Opting out of the system
Removal of yourself from the system was undoubtedly a way of coping with the harshness of Communism. Jakubisko's film makes Pepe and Prengel's isolationism look positively admirable in the context, and I would not be one to disagree. However, was this really an appropriate strategy for coping with the harshness of capitalism? Jakubisko obviously thinks so, since he performed the ultimate Slovak method for removing yourself from a political system - emigration.

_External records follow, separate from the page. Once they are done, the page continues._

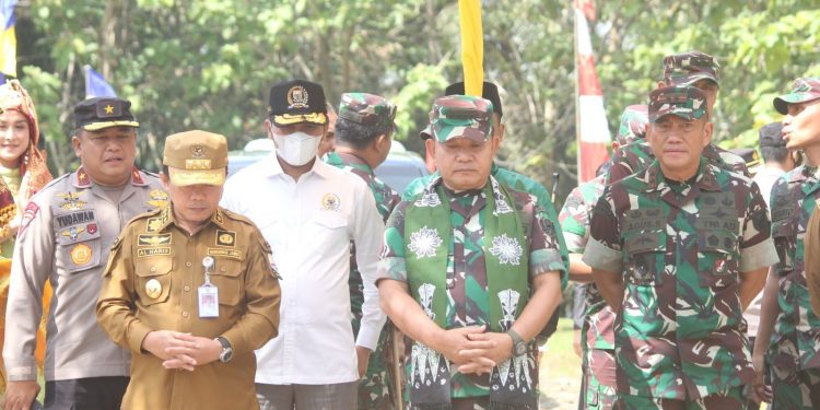 Tebo – Gubernur Jambi, Dr.H.Al Haris,S.Sos.,M.H., secara langsung mendampingi Kepala Staf Angkatan Darat (KASAD) Jenderal TNI Dr.Dudung Abdurachman,S.E.,M.M., melakukan kunjungan kerja ke Provinsi Jambi dalam rangka memantau daerah rawan Kebakaran Hutan dan Lahan (Karhutla) di Provinsi Jambi dan melaksanakan launching Pemanfaatan Lahan di Wilayah Kodam II/SWJ untuk ketahanan pangan, bertempat di Kompi Senapan B Desa Tebing Tinggi, Kecamatan Tebo Tengah Kabupaten Tebo, Senin (18/07/2022).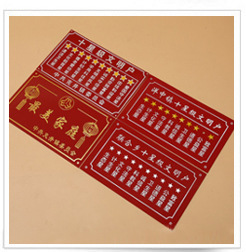 制作工艺:pvc丝网印刷、拉丝印刷、 UV彩刷、亚克力激光雕刻、铝板冲压凹凸、不锈钢腐蚀凹凸、双色板雕刻等。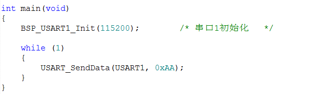 代码很简单,就是使用串口不断地往外发数据0xAA(当然发送其它数据也是可以的)。我们的串口配置如下: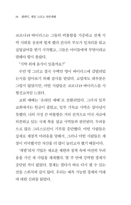 “지금, 이 모든 순간 하나님은 어디에 계십니까?” 그리스도인들은 이 현상을 하나님 중심의 관점에서 이해하려고 시도하고 있다. 많은 사람은 팬데믹, 재앙, 자연재해 등을 하나님이 조율하시는 것이 아니라 타락한 세상의 결과일 뿐이라고 경고했다. 결과적으로 질병은 저주의 일부다. 물론 하나님은 그것을 막으실 수 있지만, 그것은 그분의 의지와 목적과는 별개로 일어나고 있다. 일부 거짓 예언자들은 권위를 가지고 우리의 고통이 짧을 것이라고 보장했다. 지금은 우리가 두렵고 상처받은 세상에서 믿는 자로서 우리의 역할에 대해 더 깊이 생각해야 할 때다. 선하시고 온 세상의 주이신 하나님을 믿는 우리는, 하나님의 영광을 위해 창조된 인간의 고통과 하나님의 관계에 대해 제기되는 질문에 답해야 한다.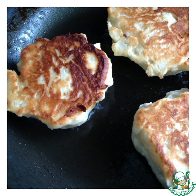 Подошедшее тесто обмять. Жарить оладьи с двух сторон на разогретой сковороде с двух сторон при закрытой крышке на умеренном огне. Тесто выкладывать на сковороду ложкой, смоченной в холодной воде.
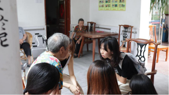 同学们还与慈爱院中的老人们聊天交流,询问他们的入住原因、生活日常,对护理人员、社工的满意程度等。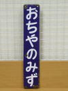 駅名板 中央線 「おちゃのみず」 小型板 59.5×12 材質 紺板ホーロー 文字 凹み 状態 サビ剥げあり 右下部分に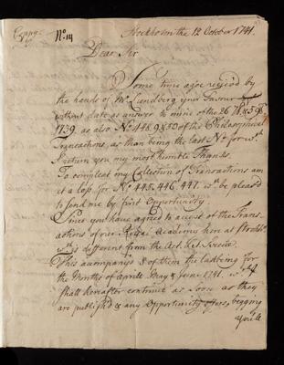 Letter, 'Concerning exchange of transactions with the Royal Society of Sweden' from Martin Triewald to Cromwell Mortimer
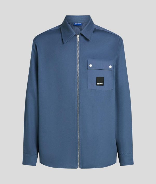 A fresh take on casual style, this lightweight, mixed-material overshirt features a unique quilted finish on the back. The zip front leads to a pointed collar, while a chest pocket embellished with a KARL LAGERFELD JEANS logo patch completes the look. Perfect for wearing on its own or styling over tops for those between-the-seasons days.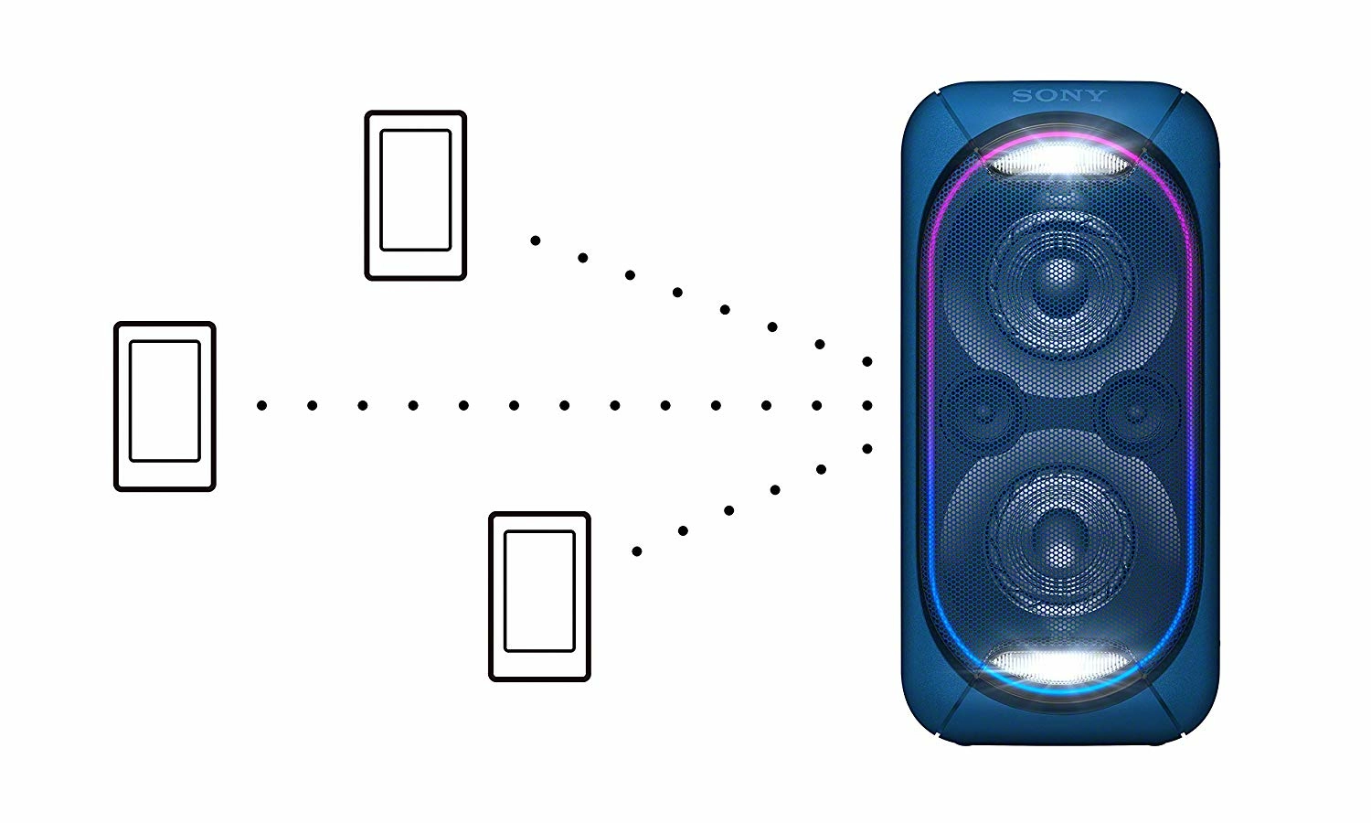 Avec l'application Sony | Music Center, choisissez les morceaux, contrôlez le son et créez des listes de lecture depuis un téléphone. Le plug-in Fiestable permet de contrôler la couleur des lumières et l'égaliseur ou d'activer le mode DJ, le tout en un geste du poignet grâce à la détection de mouvements.

He now lives and works in Prague and during the Meciar days, went on record as saying he was happy to be living in a country where you didn't have to worry about politics, perhaps implying that he had absolved himself of fighting for his country's future. Jakubisko is by no means alone on this branch. Recent research has shown that most young people in Slovakia have little interest in politics and see emigration as an answer to the problems they encounter in the society they live in.
Even the sexual plane in Sedim na konari a je mi dobre glorifies retreat and non-involvement. Both men fall for Ester, whom the horrors of war have infantilised. Pepe fantasises of her as a wild cat-like sexual play-thing, crawling around the house naked, driven by desire and not exactly after a chat. It is hard to avoid coming to the conclusion that Pepe and Prengel are drawn by the fantasy of a woman who will satisfy their sexual desires but with whom they won't have to go through all the tedious business of conversation.
Pepe after all has Prengel to talk to and doesn't see his ideal woman as someone to provide him company. Indeed, when a beautiful, but conversational woman, throws herself at Pepe, he rejects her proactive approach to love, sex and socialising. When Ester dies, the pair's feelings are transferred to her daughter, who is equated with her mother in the closing sequence. Esterka is everything a father could want in a daughter, and what a lot of misogynists fantasise about in a woman: young, attractive, faithful and obedient.
This attitude to women is very similar to that in Abram Room's silent classic Tretia Meshchanskaia (Bed and Sofa, 1926), the difference being that in Room's film the heroine doesn't stand for being messed around and packs her bags and leaves the two men to play chess with each other and realise that they are rotters.
With such an attitude to life, the last decade of Slovak political life suddenly becomes horrifyingly understandable. As problem set in, many retreated to their branches and refused to get involved, thus allowing Slovak politicians to rule unrestrained.
All is not bleak, though. Jakubisko captures the spirit of 1989 and the early nineties perfectly, but things have changed since then. The current trend in the political thinking of society is towards engagement. This reached its greatest manifestation when the Slovak elections this September produced an amazing 85% turnout of eligible voters fighting for what they believed in.
This active approach might be connected with a new non-governmental organisation Foundation for a Civil Society, which started a "voter motivation" campaign, just one piece of evidence that Slovaks are increasingly using non-governmental organisations as a means of shaping society, rather than sitting back on their branches and moaning that the government is doing a terrible job. In this respect, Sedim na konari a je mi dobre is an out-dated film. What direction Slovak male fantasies have taken since 1989, though, I am not qualified to comment on.